Figure S5. Distribution of NOECs for scenario C. Each point in the scatter plot corresponds to a study and a combination of direction (shape) and variance (colour) of the shift. The x coordinate is the probability that NOEC = 1 (= NEC), i.e. the statistical power as discussed in the main text; the y coordinate is the probability that NOEC = 1 or 2. The line y = x is shown as a guide. The tables in the margins show the number of points falling in each of the three probability ranges (dashed green and pink lines) for the x and y coordinates separately (tables on the top and the right, respectively). The counts are further broken down by direction and values of the variance within each table.
The step graphs of the Empirical Cumulative Distribution Functions are represented in different colours based on the response variable. The vertical dashed line represents a p-value of 0.05.
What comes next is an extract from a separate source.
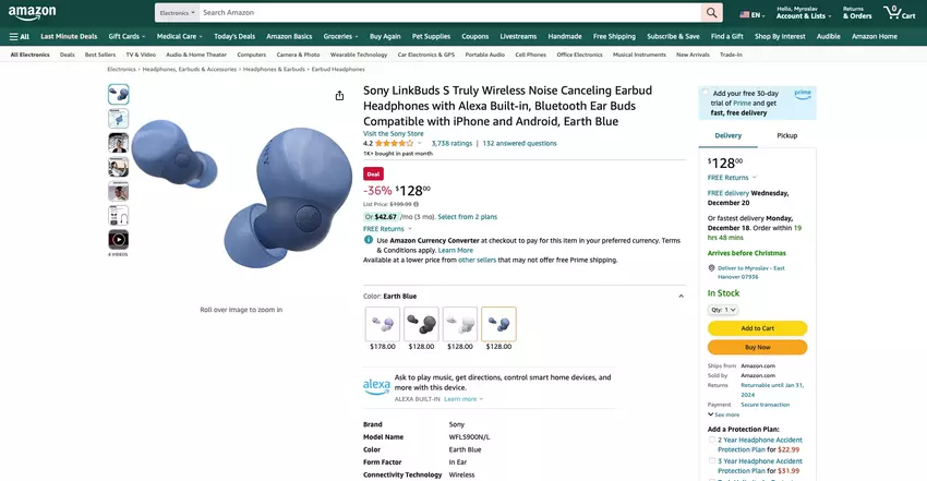 Sony LinkBuds S auf Amazon: TWS-Kopfhörer mit ANC und bis zu 20 Stunden Akkulaufzeit für $128 ($72 Rabatt)

Figure S8. Mean of the control group, pooled standard deviation, coefficient of variation and relative standard error for the continuous variables investigated in the AMA, EAMA and LAGDA. Black dots represent data points outside 1.5 times the interquartile range. The results for the coefficient of variation (for the AMA and EAMA) and the results for the relative standard error (including the LAGDA) should be compared with the pMDD in Figure 1.